Applebaum, que cubrió Europa oriental para The Economist durante el colapso del comunismo soviético, dedica un capítulo a los guardias de los campos. La mayoría se comportó con espantosa frialdad respecto de los prisioneros a su cargo, especialmente en los camiones de ganado utilizados para transporte y en las naves de convictos en el Lejano Oriente. ¿Cómo explicar su conducta? No eran todos sádicos, pero tenían una educación pobre y algunos habían sido criminales. En su mayoría pertenecían a los niveles más bajos de la NKVD, antecesora de la KGB, y vivían en condiciones apenas un poco mejores que las de los zeki.
Años de propaganda del estado les habían enseñado que los zeki no eran plenamente humanos: el término "subhumano" no fue usado, como sí lo hicieron los nazis, pero se pretendía que el término "enemigo del pueblo" fuera casi tan denigratorio y en la propaganda se combinaba con términos como "alimaña", "basura" y "cizaña venenosa". Tratar bien a los prisioneros significaba cumplir los deberes a conciencia, tomarse trabajo, interviniendo en algunos casos para contener a matones. Pero la mayoría de los guardias no encontraban sentido en esforzarse para cuidar a gente que consideraba despreciable. Es importante reflexionar sobre esta deshumanización de gente común, porque es así como se cometen atrocidades.

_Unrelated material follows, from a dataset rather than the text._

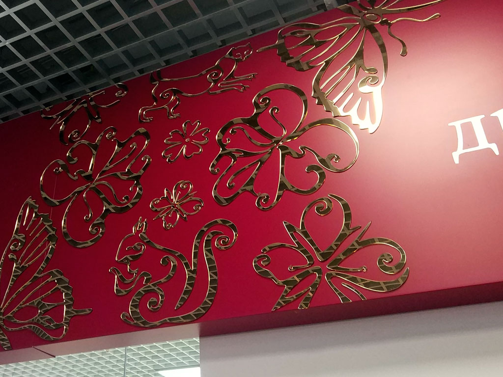 - Широкой сферой применения — элементы интерьера, экстерьера и декора, в производстве мебели, в производстве внутренних и наружных элементов рекламы, элементов торгового оборудования и пунктов продаж. Изготовление изделий с высокой отражающей способностью, указателей, предупреждающих дорожных знаков, выставочных экспозиций, элементов фасадов зданий, зеркальных стен, потолков, стоек и т. д;

Applebaum tiene algunos predecesores distinguidos en la investigación sobre los Gulags, en particular Robert Conquest y Alexander Solyenitsin. Se la puede comparar con ellos y en algunos aspectos los supera. Continúa la historia hasta el final del período soviético y ha hecho buen uso de material publicado y archivos que han estado disponibles recién en los últimos diez años. Incluyen los de Memorial, la asociación creada a fines de la década de 1990 para recuperar y dar a conocer toda la verdad acerca del sistema penal soviético y sus víctimas. Pero algunas de sus fuentes más interesantes provienen de los archivos del estado, en particular los informes largos y detallados de la Inspección del Gulag de la NKVD de las décadas de 1930 y 1940. Tan francos como Solyenitsin lo habría de ser décadas más tarde en su libro Archipiélago Gulag, esos documentos revelaban las deficiencias y abusos que se multiplicaban en el sistema y recomendaban maneras de limitarlos, en interés de una mayor productividad. Por lo general en aquel tiempo no se hacía nada efectivo, pero esos informes dejaron un rico recurso para el historiador.
El Gulag de Applebaum es lúcido, cuenta con buen material de investigación y su mensaje moral es claro, sin resultar molesto. Debería convertirse en la historia de referencia de uno de los mayores males del siglo XX.